• RECORDS FOR PROCESSING
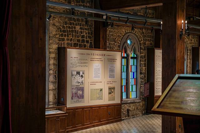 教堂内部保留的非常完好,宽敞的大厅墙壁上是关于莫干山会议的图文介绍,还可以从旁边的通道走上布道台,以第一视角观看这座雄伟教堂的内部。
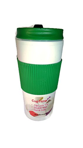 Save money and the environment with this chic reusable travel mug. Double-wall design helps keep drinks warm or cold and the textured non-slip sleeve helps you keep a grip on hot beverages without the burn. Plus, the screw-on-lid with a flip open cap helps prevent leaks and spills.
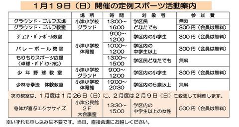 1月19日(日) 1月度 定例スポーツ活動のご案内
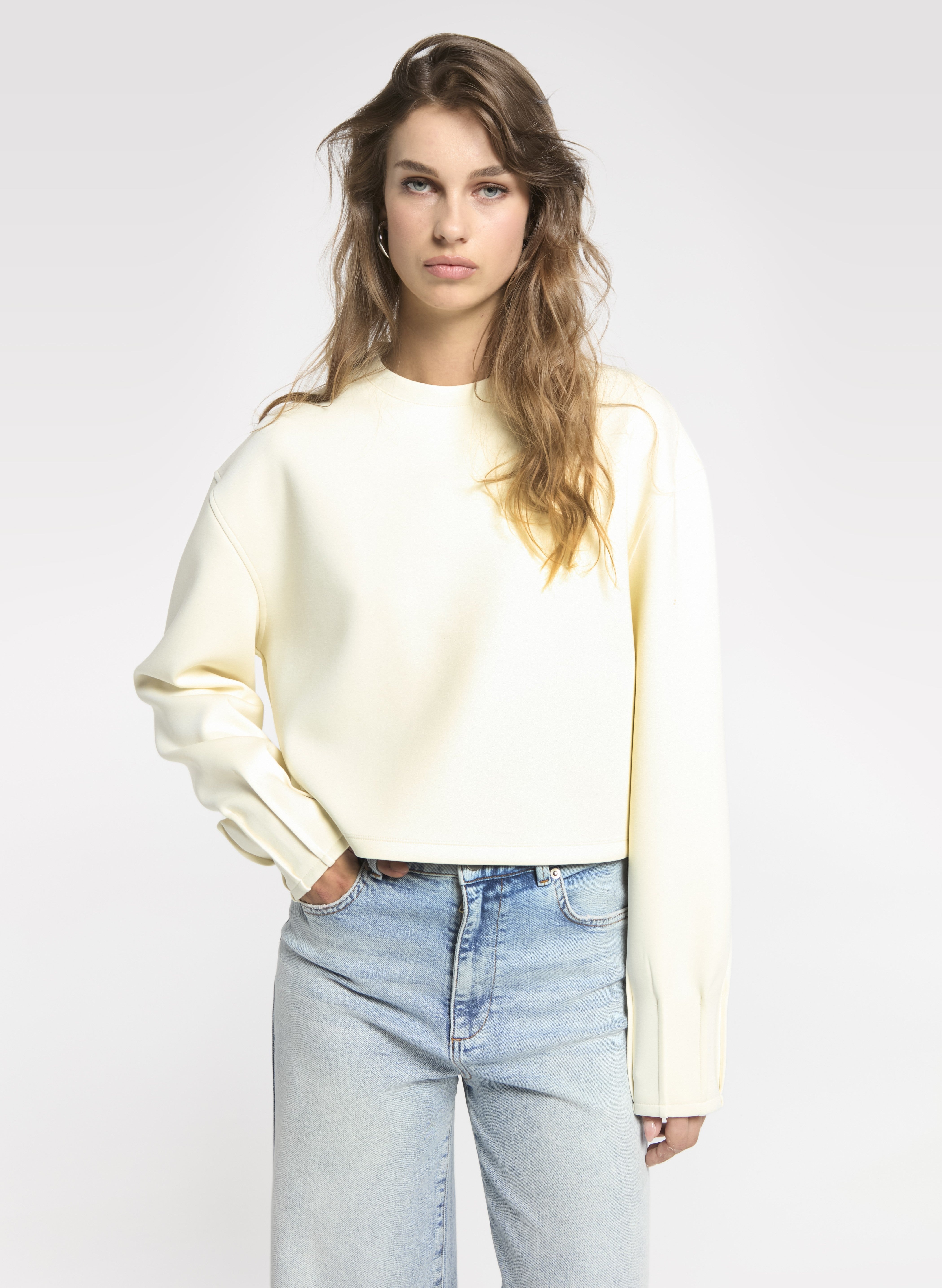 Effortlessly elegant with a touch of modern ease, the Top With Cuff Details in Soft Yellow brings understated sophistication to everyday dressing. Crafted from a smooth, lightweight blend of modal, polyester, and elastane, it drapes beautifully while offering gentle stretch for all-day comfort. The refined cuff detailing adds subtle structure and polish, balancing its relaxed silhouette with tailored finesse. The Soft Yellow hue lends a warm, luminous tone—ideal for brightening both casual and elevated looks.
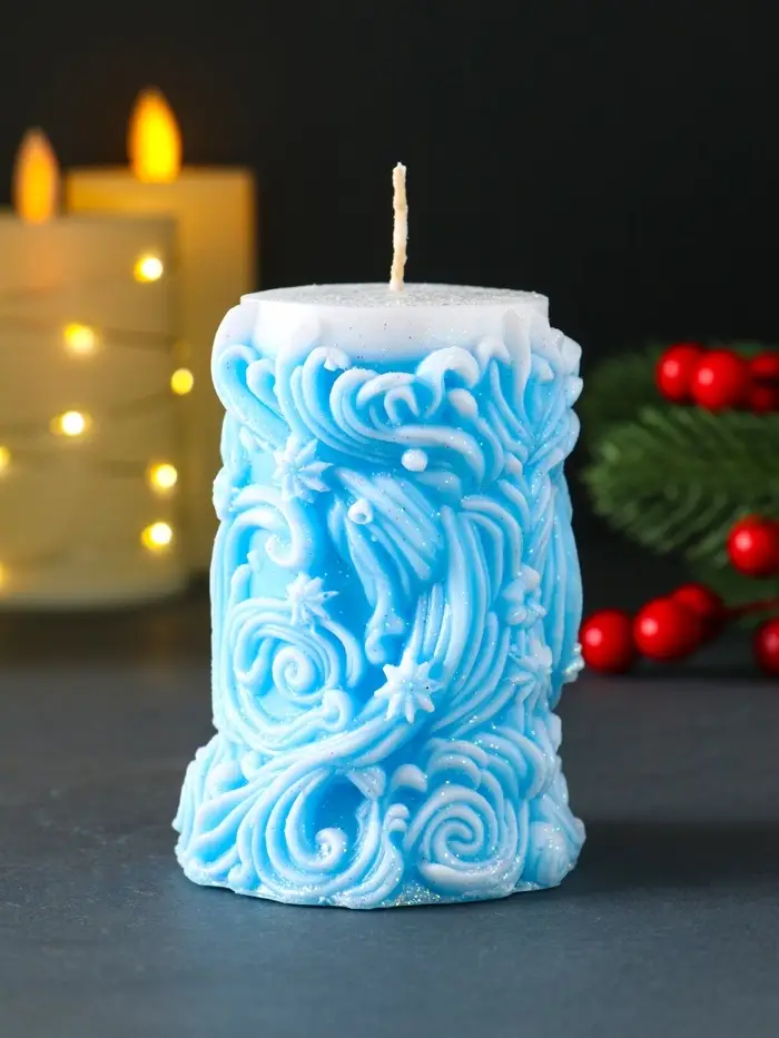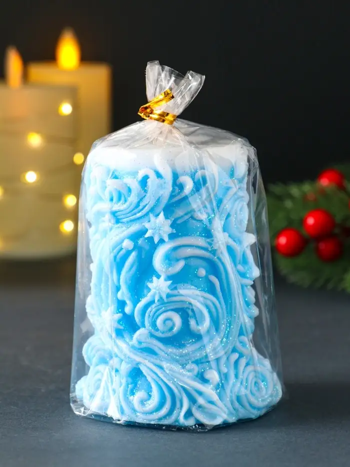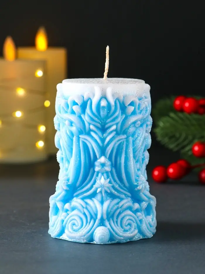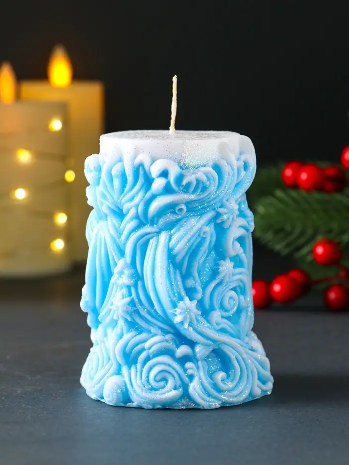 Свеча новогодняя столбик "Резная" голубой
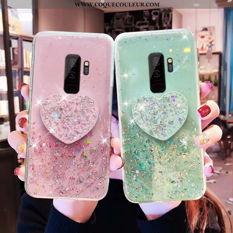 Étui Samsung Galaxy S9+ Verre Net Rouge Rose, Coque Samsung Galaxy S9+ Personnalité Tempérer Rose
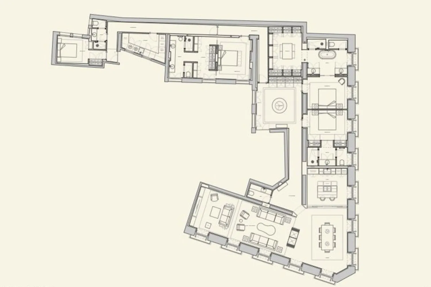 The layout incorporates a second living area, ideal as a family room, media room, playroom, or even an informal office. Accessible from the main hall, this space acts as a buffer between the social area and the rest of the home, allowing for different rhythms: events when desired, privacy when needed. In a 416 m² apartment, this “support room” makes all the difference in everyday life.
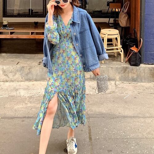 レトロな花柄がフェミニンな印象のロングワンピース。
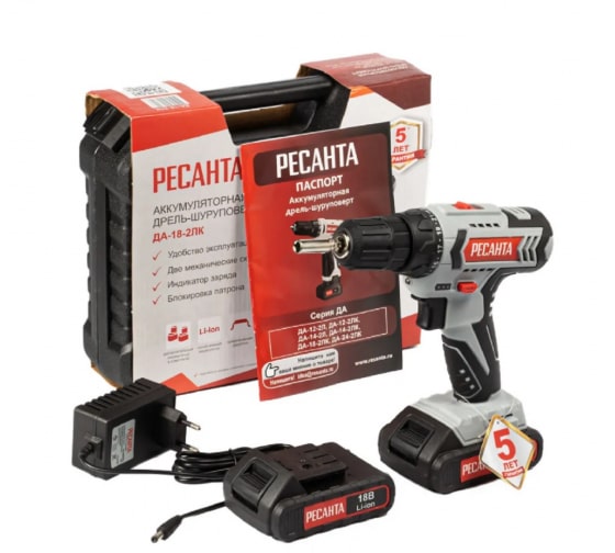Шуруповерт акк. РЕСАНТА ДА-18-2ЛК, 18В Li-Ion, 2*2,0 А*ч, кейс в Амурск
---
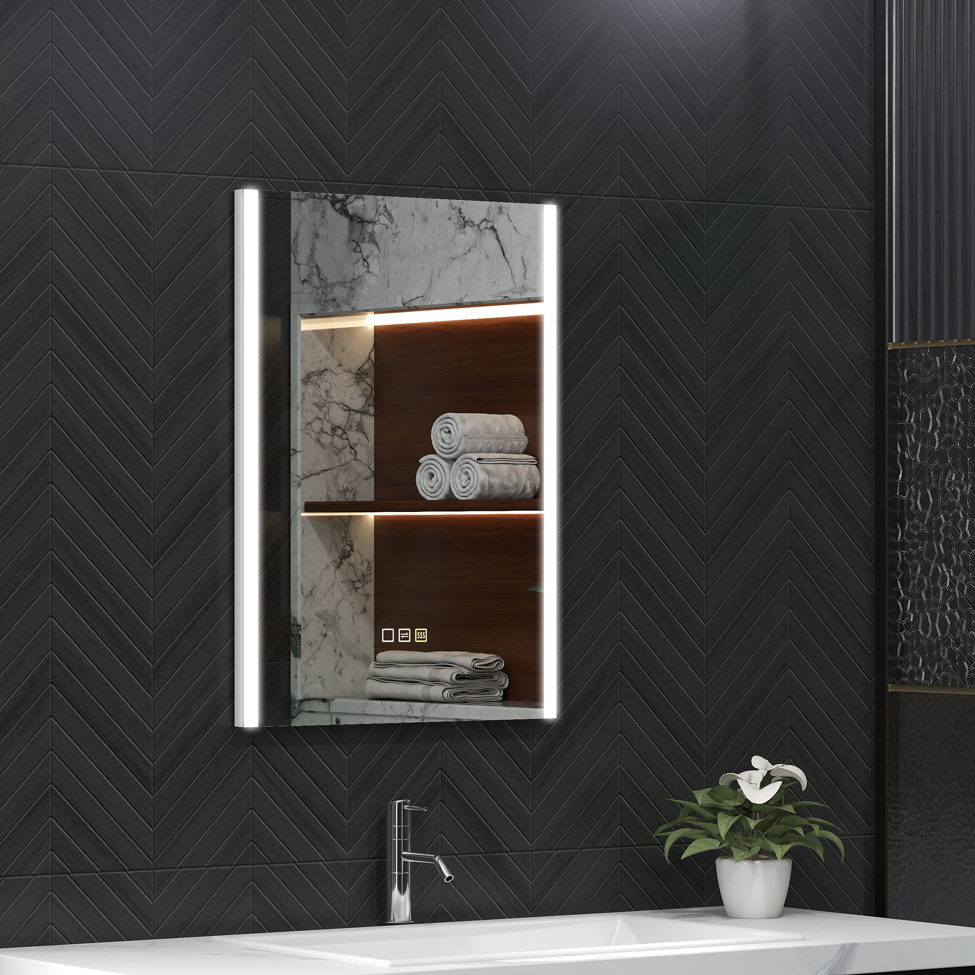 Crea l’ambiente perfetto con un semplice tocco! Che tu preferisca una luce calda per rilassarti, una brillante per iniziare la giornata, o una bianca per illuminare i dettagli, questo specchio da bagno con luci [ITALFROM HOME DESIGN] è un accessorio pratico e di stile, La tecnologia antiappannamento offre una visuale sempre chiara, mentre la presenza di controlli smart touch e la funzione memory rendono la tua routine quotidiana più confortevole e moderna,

• WORK INSTRUCTIONS
Each line above from the one containing "教堂内部保留的非常完好,宽敞" through the one containing "1月19日(日) 1月度 定例スポーツ活動のご案内" is to be returned verbatim. Nothing else, and no pictures.

• SOLUTION FOR THIS EXERCISE
 教堂内部保留的非常完好,宽敞的大厅墙壁上是关于莫干山会议的图文介绍,还可以从旁边的通道走上布道台,以第一视角观看这座雄伟教堂的内部。
 Save money and the environment with this chic reusable travel mug. Double-wall design helps keep drinks warm or cold and the textured non-slip sleeve helps you keep a grip on hot beverages without the burn. Plus, the screw-on-lid with a flip open cap helps prevent leaks and spills.
 1月19日(日) 1月度 定例スポーツ活動のご案内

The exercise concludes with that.